Original | Odaily Planet Daily (@OdailyChina)
Autor | Azuma (@azuma_eth)
Hora de Beijing, noche del 25 de mayo, Vaticano.
El Papa León XIV de Roma, quien asumió oficialmente su cargo en mayo del año pasado, se encontraba junto a Chris Olah, cofundador de Anthropic y creador de Claude.
Por un lado, el más alto representante del ámbito religioso; por el otro, el pionero más potente de la revolución de la IA. Ambos centraron su mirada en la misma pregunta: ¿cómo proteger el estatus de sujeto y la dignidad humana en la era de la IA?
Ese mismo día, para exponer completamente este tema, León XIV publicó su primera encíclica desde que asumió el cargo, un importante documento religioso de más de 40.000 palabras: "Magnifica humanitas" (La magnífica humanidad).
Vale la pena mencionar que la fecha de firma de esta encíclica de León XIV es el 15 de mayo de 2026, exactamente 135 años después de que el viejo Papa León XIII (en el cargo de 1878 a 1903) publicara la encíclica histórica "Rerum novarum" (1891) sobre "los derechos de los trabajadores en la revolución industrial". Este acto claramente tiene un significado simbólico, con la esperanza de convertir esta encíclica en una "guía de la doctrina social de la Iglesia para la era de la IA".

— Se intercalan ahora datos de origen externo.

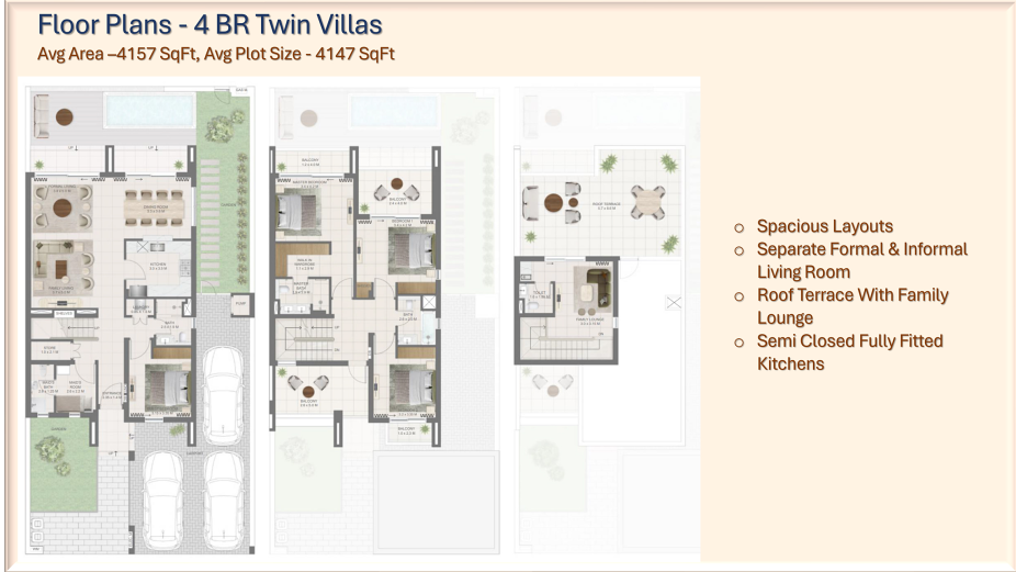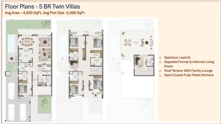 Интерьеры оформлены в спокойной цветовой палитре с использованием светлых и натуральных оттенков. Планировки включают полуоткрытую оборудованную кухню, комнату для персонала, основную гостиную и отдельную семейную зону отдыха. В спальнях предусмотрен выход на балкон. На верхнем уровне расположена просторная терраса. На участке — сад, парковка на 2–3 автомобиля и частный бассейн с зоной отдыха.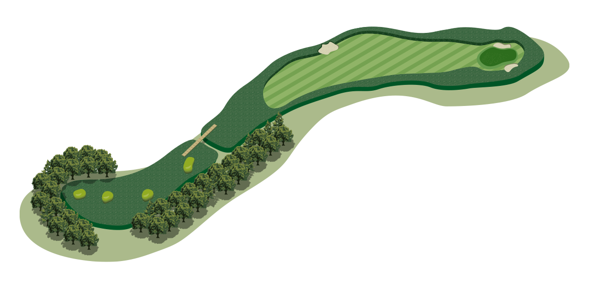 かるく右にドッグレッグしている14番のパー4。葦の密生した湿原を縫うようにレイアウトされている。正面のバンカーを狙って、ティーショットは正確に落としたい。とくに風向きには十分注意が必要。フェアウェイは比較的フラット。セカンドの距離感が難しい。とにかく第1打が最も大事な14番。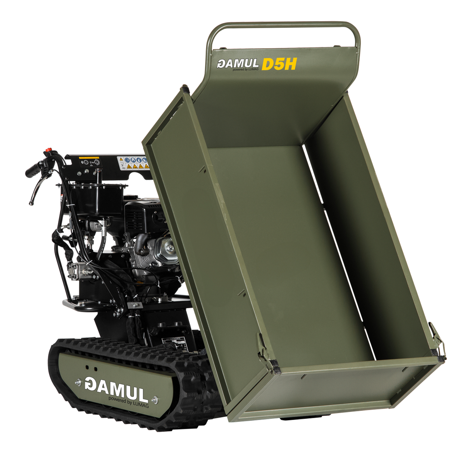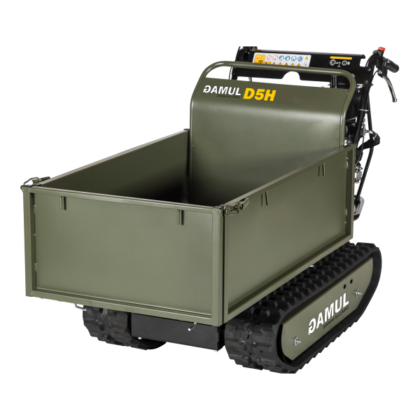 Der benzinbetriebene Mini-Raupendumper GAMUL-D5H ist der perfekte Helfer für alle Transportarbeiten in den unterschiedlichsten Branchen. Mit einer Tragkraft von bis zu 500 kg transportiert er problemlos Schütt- und Stückgut auch auf anspruchsvollem Gelände. Dank seiner extrem schmalen Bauweise und kompakten Abmessungen kommt der GAMUL-D5H auch durch schmale Tore und Wege sicher zum Einsatzort. Die hydraulische Kippmulde mit steckbaren Bordwänden ermöglicht eine bequeme Entleerung. Seine massive Stahlkonstruktion und der kraftvolle Hydraulikzylinder in Kombination mit der einfachen, intuitiven Steuerung machen den GAMUL-D5H zum idealen Helfer für eine Vielzahl von Transportarbeiten.<br><br>- Extrem schmale Bauweise und kompakte Abmessungen – Die Entleerung von Schütt- und Stückgut erfolgt durch eine hydraulische Kippmulde. – Die Kippmulde ist mit steckbaren Bordwänden ausgestattet – Die massive Stahlkonstruktion und der kraftvolle Hydraulikzylinder in Kombination mit der einfachen, intuitiven Steuerung machen den GAMUL-D5H zum idealen Helfer. – Optional erhältlich: Holzrungen und Schneeräumschild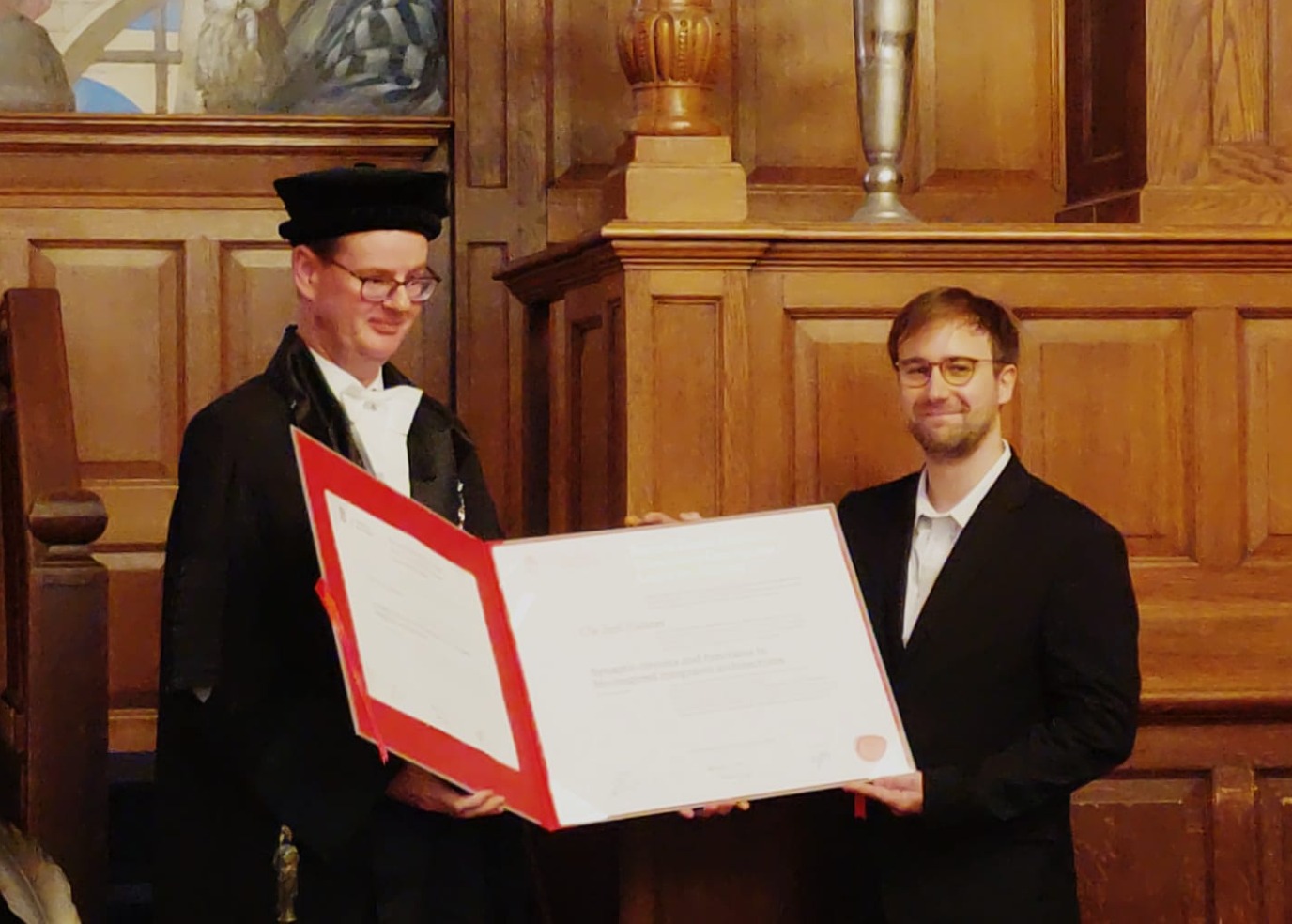 PhD candidate Ole Richter has been awarded his doctoral degree after defending his thesis, Synaptic Circuits and Functions in Bio-inspired Integrated Architectures, in the Academy Building on 15 October 2024.

- Nota de Odaily: La encíclica papal, también conocida como carta encíclica o encíclica pontificia, es un documento emitido por el Papa de Roma a la Iglesia Católica mundial o a una región o país específico. A través de ella, se anuncian decisiones importantes de la Santa Sede, interpretaciones doctrinales y posturas sobre temas eclesiales o sociales, y se promulgan enseñanzas o prohibiciones para el clero y los fieles. Su nivel es inferior al de una constitución apostólica.
Chris Olah también dio un discurso en el lugar, en el Vaticano, con motivo de la publicación de la encíclica. No defendió los intereses comerciales de las empresas de IA, sino que mostró un alto grado de sinceridad, capacidad de reflexión y preocupación humanística. Incluso mencionó que, aunque la base de la IA son las matemáticas y la programación, cómo la IA interactúa con el mundo y qué características debe poseer son preguntas últimas que pertenecen al ámbito de las humanidades, la religión y la filosofía, y no pueden ser resueltas únicamente por la informática.
Lectura rápida de la encíclica
La preocupación central de la encíclica "Magnifica humanitas" es que, en una era de rápido cambio tecnológico y automatización generalizada, "mantener una profunda humanidad" es una responsabilidad humana urgente. Específicamente, el Papa León XIV abordó y apeló en el texto sobre los siguientes aspectos.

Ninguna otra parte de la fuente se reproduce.